Computational tools are very important to explain reaction mechanisms—which are otherwise difficult to observe—in catalysis or validate materials models in material chemistry. In my first collaborative projects with Dr. Shaowei Chen from the University of California Santa Cruze, I explained the origin of high reactivity and low overpotential for OER on Cl-rich NiFe₂O₄ spinel (Ni(OH)Fe₂O₄(Cl)). In that research, I identified Ni(OH)Fe₂O₄(Cl) as an active ensemble for OER due to close agreement between calculated (90 mV) and experimental overpotential values (200 mV) (Research, 2022, 2022, 13 pages). In my second collaborative project with the same group, I validated the structural and photoluminescent properties of organically capped CuOH nanostructures. (Adv. Mater. 2023, 35, 2208665).

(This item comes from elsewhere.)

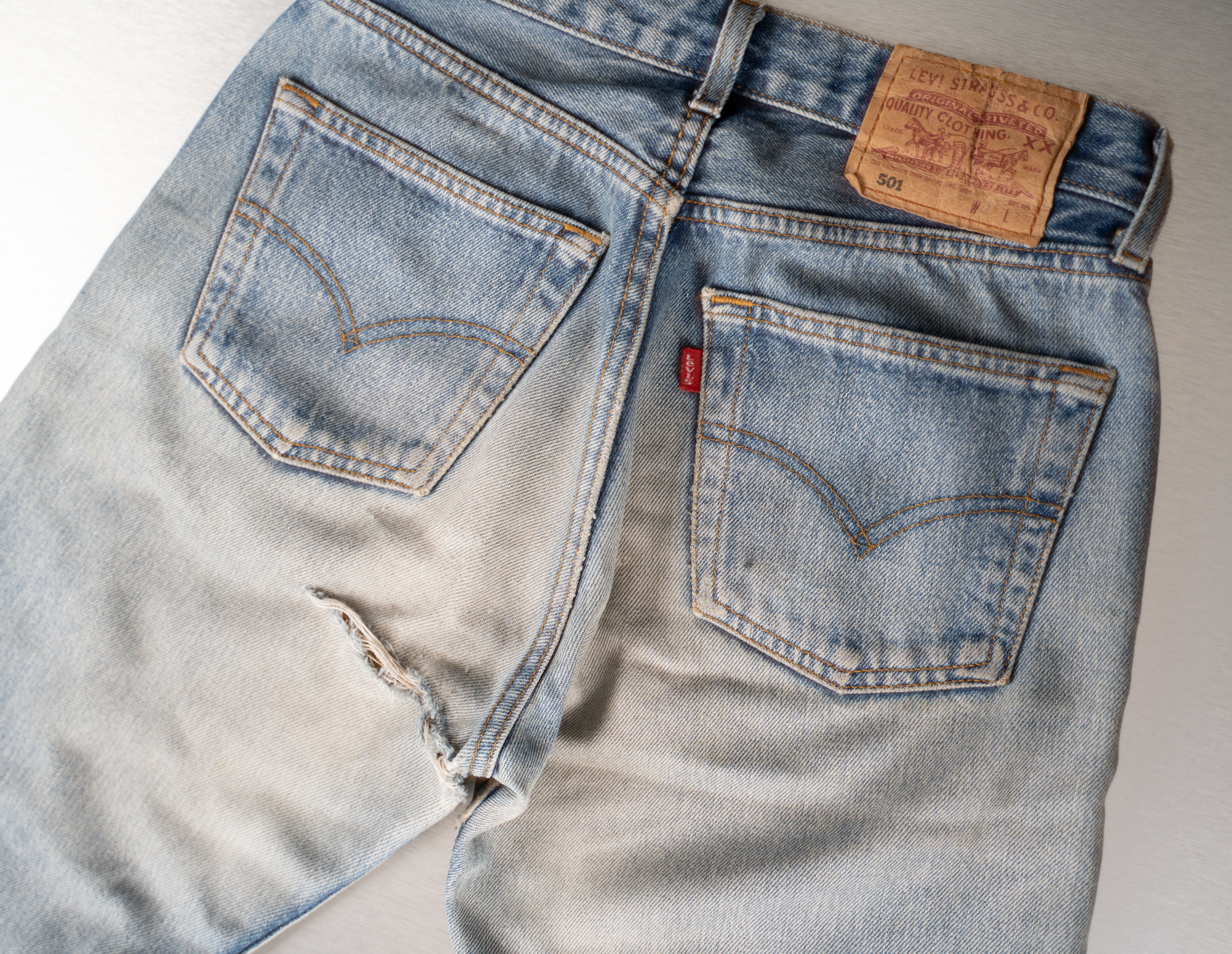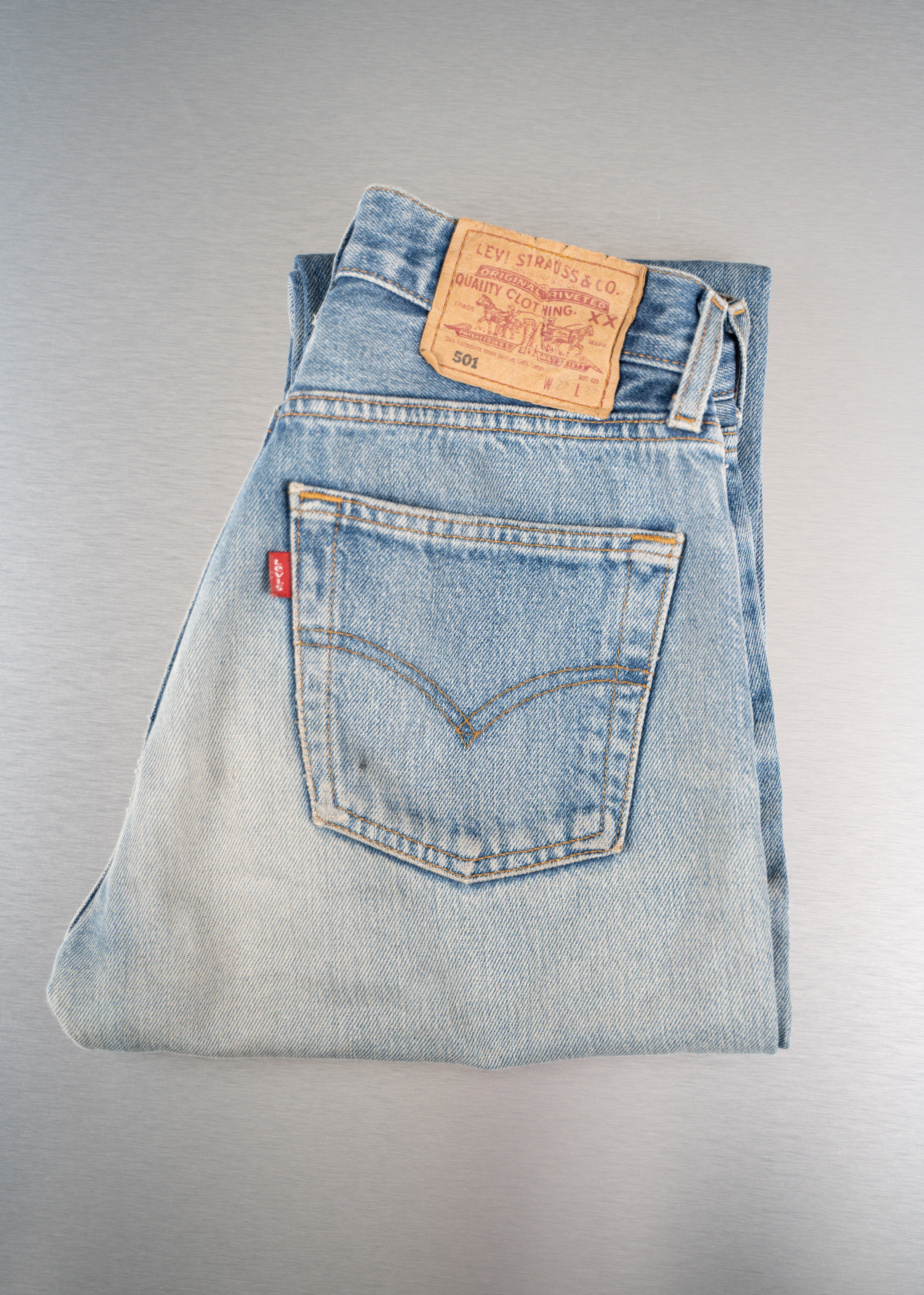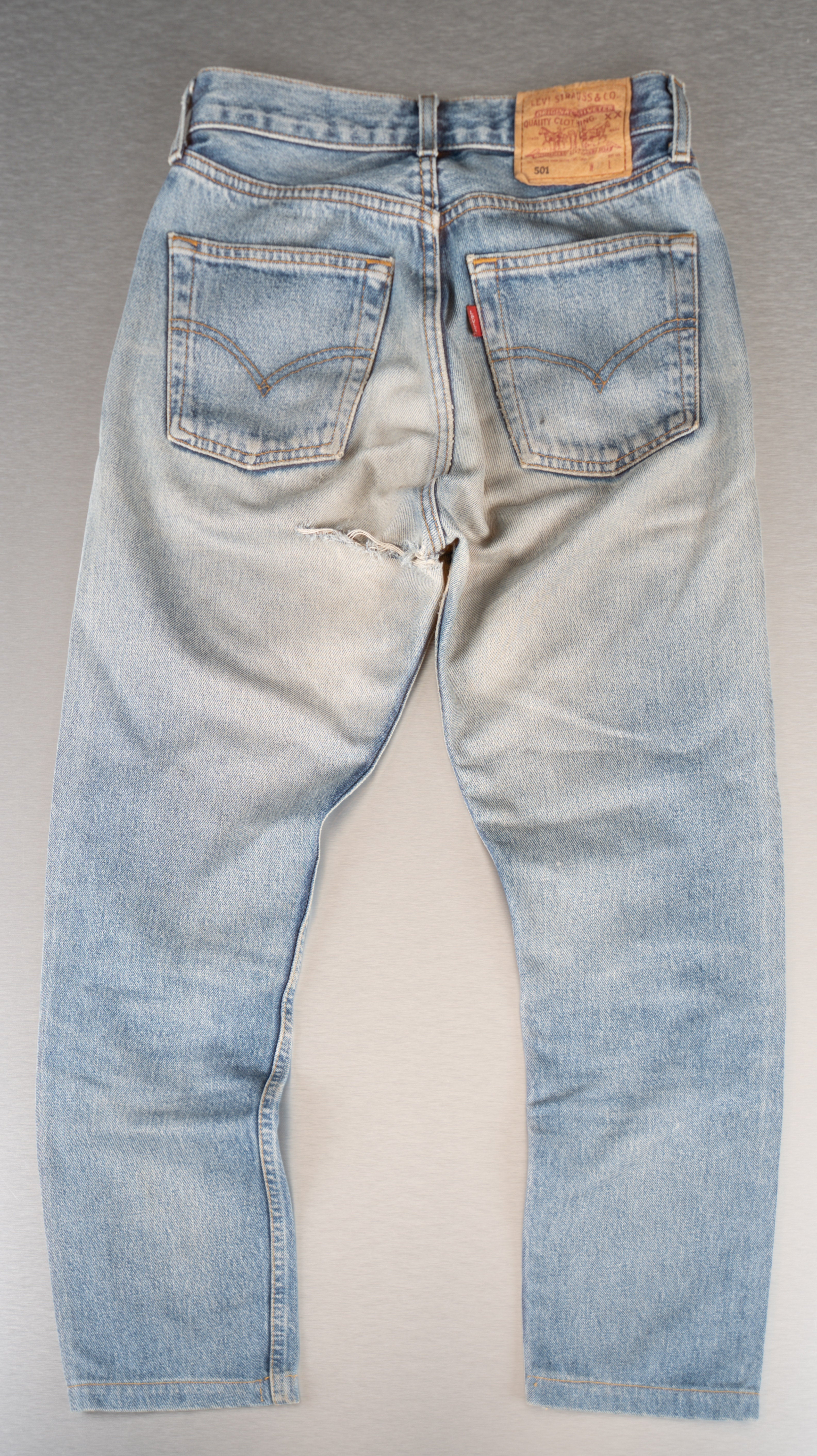These Levi's 501 Jeans are a classic and comfortable choice for men. Crafted from light blue denim, these straight-leg jeans feature fading around the thighs and knees for a worn-in look. They have a classic five-pocket design with a distinctive curved stitching pattern on the back right pocket, and the iconic red tab and Levi's branded leather label on the waistband. This product is in Good condition, with a cut under the bottom.

Postdoc work: After my Ph.D. I joined the research group of Dr. Bin Wang at The School of Sustainable Chemical, Biological and Material Engineering, University of Oklahoma. Here, I worked on computational catalyst designs for the carboxylation of alkenes with CO₂ to produce unsaturated carboxylic acids on zeolite- and graphene-based catalysts. In my first project on zeolite-based catalysts, we aim to provide insights on CO₂-ethylene coupling on metal-exchanged MFI-zeolites and identify scandium (Sc) and yttrium (Y) dispersed in MFI zeolites as promising catalysts with low activation barriers. Additionally, we demonstrated that the electronegativity of metal atoms is the descriptor for the activation barriers for beta-hydrogen transfer, a rate-limiting step (ACS Sustainable Chem. Eng. 2024, 12(18), 6960–6968, also featured on Journal Cover page). To break this linear relationship, in a new study, we designed an active site, M-O-M (M = transition metal) in MFI zeolite to steer reaction mechanism which does not require beta-hydrogen transfer. This study shows that tuning M-O-M active site regulates the reactivity of CO₂-ethylene coupling and Zn-O-Zn is a better catalyst (manuscript drafted).Moreover, to prove the scalability of our study, we demonstrated that carboxylation of long-chain alkenes using CO₂ is sensitive to the structure of alkene (submitted in Catalysis Today). On the other side on graphene-based projects, we demonstrated that co-adsorbed water could work as a proton shuttle and lower the energy barrier for beta-hydrogen transfer in the direct coupling of CO₂ and C₂H₄ over atomically dispersed metal at graphene Edges (Chem. Eng. Journal. 2024, 488, 150922). In the next study, we used a bimetallic dimer (N₃M-MN₃) on defective graphene for CO₂-ethylene coupling which identifies Ir, Ni, Pd, Rh and Cu dimers as efficient catalysts (writing manuscript).

In addition to the above work, I enjoy working on different collaborative projects with collogues across academia and industry. So far, I have been involved in collaborative work with Philips 66 Catalysis Center, Oklahoma School of Science and Mathematics, The Department of Chemistry University of Oklahoma, and the Department of Microstructure Physics & Alloy Design, Max-Planck-Institut für Eisenforschung GmbH, Germany.